In this vehicle movement model, the link lifetime is defined as the time that the vehicle can maintain communication [30]. Reference [31] proposes link reliability, which is the probability that a direct communication link between two vehicles will stay continuously available over a specified time period. Link reliability can be derived as:

$$r\left(l\right)=P\{\mathrm{to}\mathrm{continue}\mathrm{be}\mathrm{availavle}t+\mathsf{\Delta }\mathrm{t}\mid \mathrm{available}\mathrm{at}\mathrm{t}\}.$$

(8)

Next, the vehicle movement will be discussed in several situations in Figure 5:

Scenario 1: $Vi$ and $Vj$ have the same direction, and $v_i\ge or\ge v_j$. $\mathsf{\Delta }{d}_{ij,t1-t0}$ is the changing distance between node i and j in the period of $[t_0-t_1]$. $\mathsf{\Delta }x$ is the distance on the x-axis, $\mathsf{\Delta }y$ is the distance on the y-axis.
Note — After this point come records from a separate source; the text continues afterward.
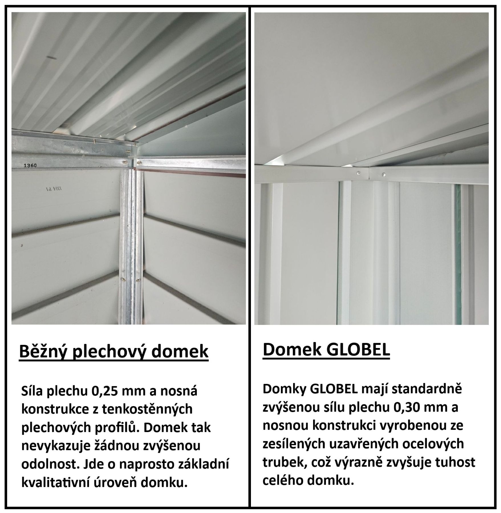 Všechny domky GLOBEL mají standardně zvýšenou sílu plechu 0,30 mm a nosnou kostru mají vyrobenou ze zesílených uzavřených ocelových trubek (běžné domky na českém a slovenském trhu mívají nosnou kostru pouze z tenkostěnné profilované ocelové lišty). Tím je zajištěna maximální odolnost a stabilita celého domku. Potvrzením použití silných ocelových plechů a masivní nosné konstrukce je i relativně vyšší hmotnost domku ve srovnání s rozměrově shodnou konkurencí. Domky GLOBEL jsou proto výrazně robustnější než ostatní domky jiných značek a mají o cca 20% větší hmotnost.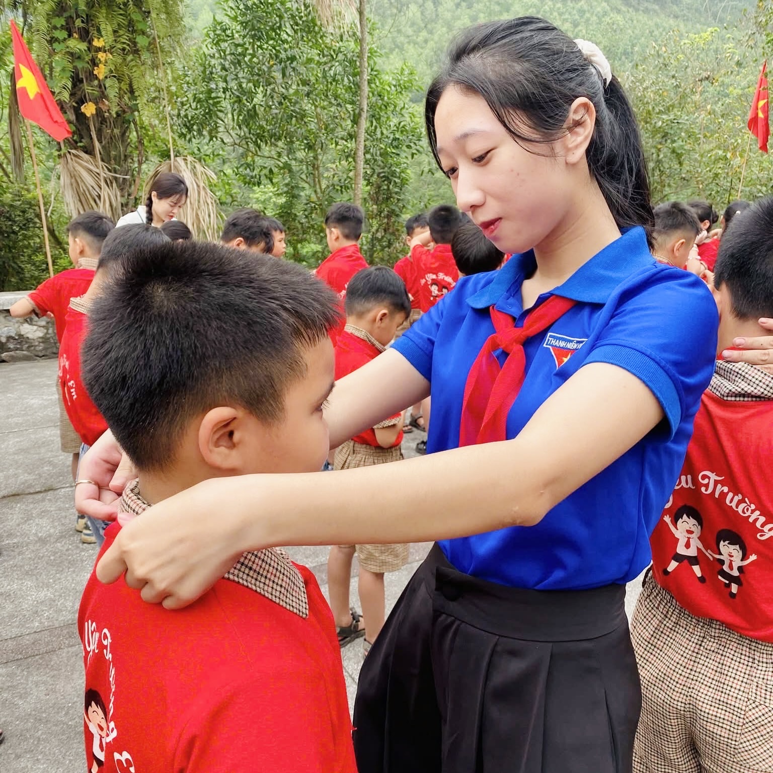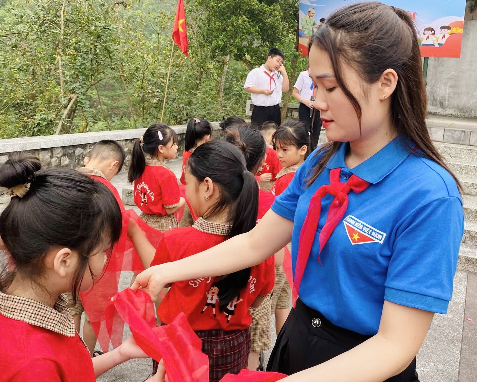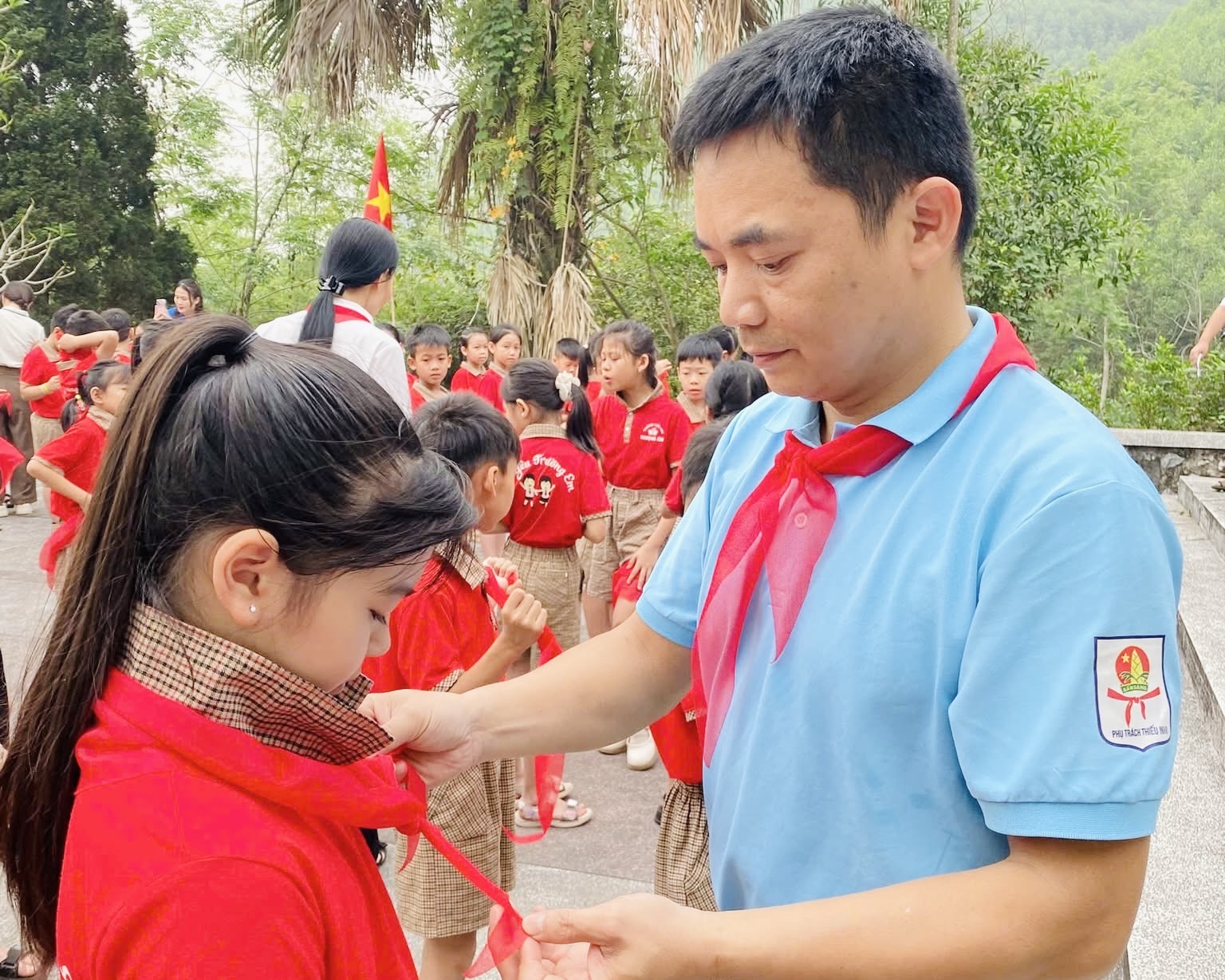 Khoảnh khắc ý nghĩa nhất của buổi lễ là khi các thầy, cô giáo trực tiếp quàng khăn quàng đỏ – biểu tượng thiêng liêng của Đội TNTP Hồ Chí Minh – lên vai các em. Từ giây phút đó, mỗi đội viên mới càng ý thức rõ hơn về trách nhiệm, niềm vinh dự khi được đứng trong hàng ngũ của Đội.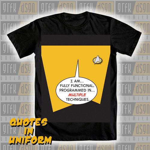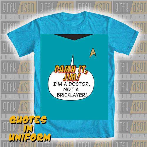 I like the t-shirt designs. I have a shirt with a drawing of McCoy saying "Damnit, Jim! I'm not a doctor, I just play one on tv!"

R is the range of vehicle wireless communication. In this scenario, $r\left(l\right)$ can be formulated as:

$$r\left(l\right)=P\left\{\mathsf{\Delta }{d}_{ij,t1-t0}<\sqrt{R^2-\mathsf{\Delta }{y}^2}+\mathsf{\Delta }x\right\}$$

(9)

Scenario 2: $v_i$ and $v_j$ have the same direction, and $v_i\le \le v_j$.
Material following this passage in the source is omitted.